**TASK TO COMPLETE:** Please, from the entries below, transcribe exactly the lines that begin at the line with "10 cent Pittorica" and end at the line with "Steam hesabımın değeri", without the pictures.
======== DATA EXCERPTS ========
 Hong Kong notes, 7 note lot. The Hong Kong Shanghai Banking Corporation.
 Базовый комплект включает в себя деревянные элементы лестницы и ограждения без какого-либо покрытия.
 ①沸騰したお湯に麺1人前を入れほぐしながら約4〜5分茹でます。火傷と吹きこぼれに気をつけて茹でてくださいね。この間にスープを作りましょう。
========
======== DATA EXCERPTS ========
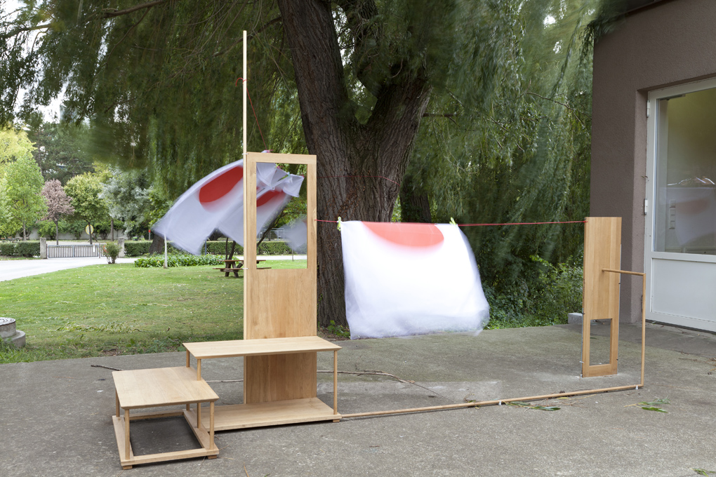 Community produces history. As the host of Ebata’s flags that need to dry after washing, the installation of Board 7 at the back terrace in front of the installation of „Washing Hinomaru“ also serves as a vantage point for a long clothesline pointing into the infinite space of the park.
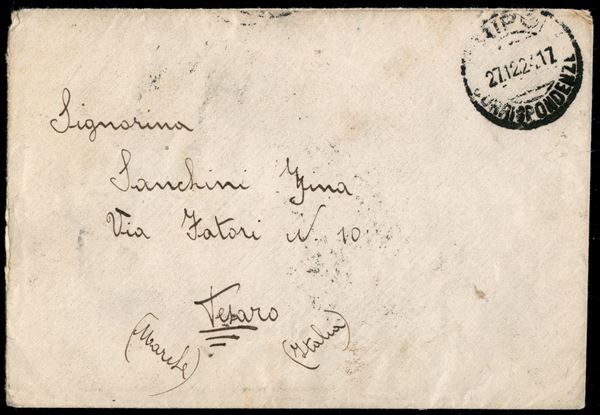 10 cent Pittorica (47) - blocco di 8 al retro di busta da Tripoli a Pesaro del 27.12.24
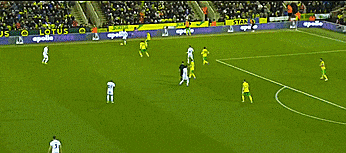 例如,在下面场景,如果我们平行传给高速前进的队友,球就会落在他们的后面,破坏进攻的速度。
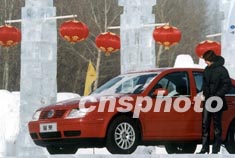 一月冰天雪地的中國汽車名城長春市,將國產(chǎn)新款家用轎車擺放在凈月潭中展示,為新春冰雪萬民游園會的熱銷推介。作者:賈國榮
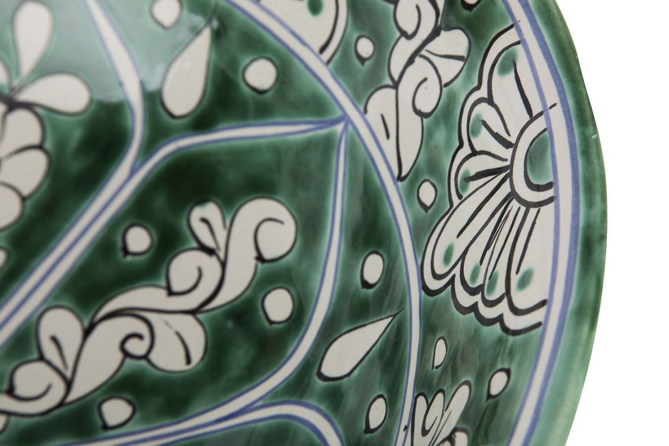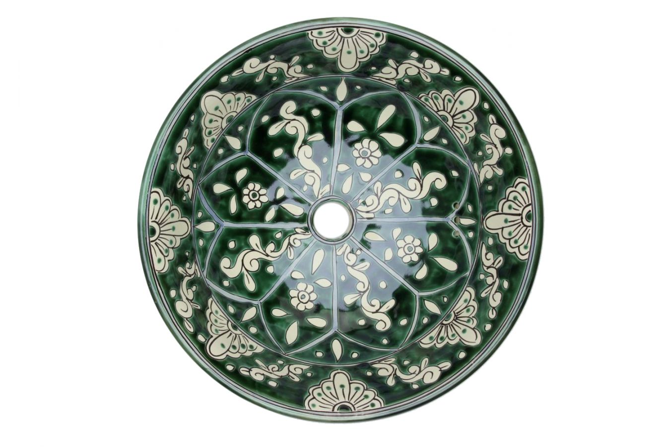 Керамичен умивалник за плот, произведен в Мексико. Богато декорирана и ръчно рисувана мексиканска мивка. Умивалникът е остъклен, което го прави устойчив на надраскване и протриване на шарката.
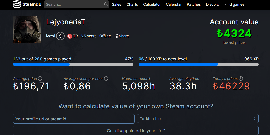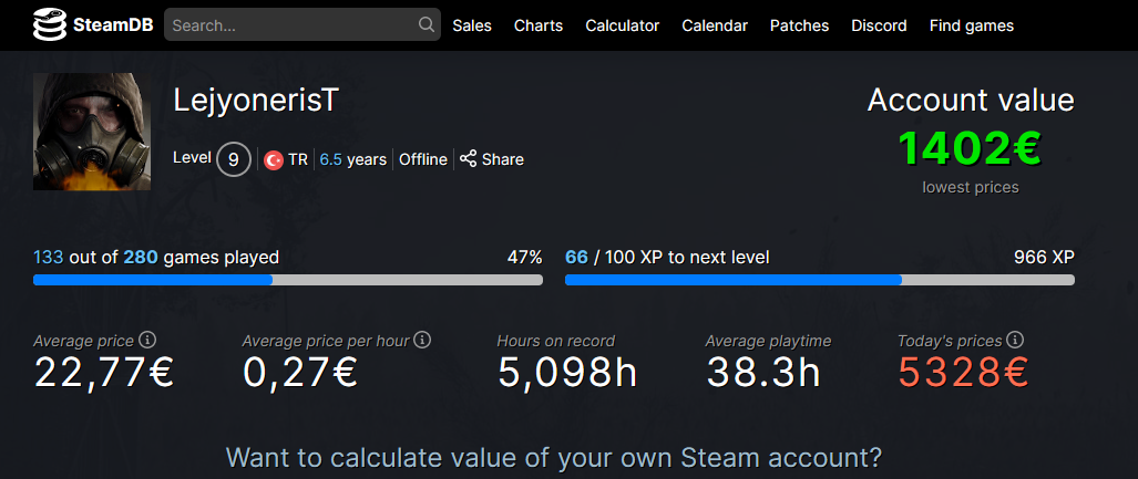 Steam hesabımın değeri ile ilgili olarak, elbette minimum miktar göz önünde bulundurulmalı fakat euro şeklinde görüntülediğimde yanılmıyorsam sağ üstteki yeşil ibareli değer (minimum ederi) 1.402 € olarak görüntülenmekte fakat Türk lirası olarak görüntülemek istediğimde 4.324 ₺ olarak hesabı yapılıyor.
========
======== DATA EXCERPTS ========
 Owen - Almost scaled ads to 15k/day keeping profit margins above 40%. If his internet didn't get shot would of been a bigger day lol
========
**WRITTEN ANSWER:**
 10 cent Pittorica (47) - blocco di 8 al retro di busta da Tripoli a Pesaro del 27.12.24
 例如,在下面场景,如果我们平行传给高速前进的队友,球就会落在他们的后面,破坏进攻的速度。
 一月冰天雪地的中國汽車名城長春市,將國產(chǎn)新款家用轎車擺放在凈月潭中展示,為新春冰雪萬民游園會的熱銷推介。作者:賈國榮
 Керамичен умивалник за плот, произведен в Мексико. Богато декорирана и ръчно рисувана мексиканска мивка. Умивалникът е остъклен, което го прави устойчив на надраскване и протриване на шарката.
 Steam hesabımın değeri ile ilgili olarak, elbette minimum miktar göz önünde bulundurulmalı fakat euro şeklinde görüntülediğimde yanılmıyorsam sağ üstteki yeşil ibareli değer (minimum ederi) 1.402 € olarak görüntülenmekte fakat Türk lirası olarak görüntülemek istediğimde 4.324 ₺ olarak hesabı yapılıyor.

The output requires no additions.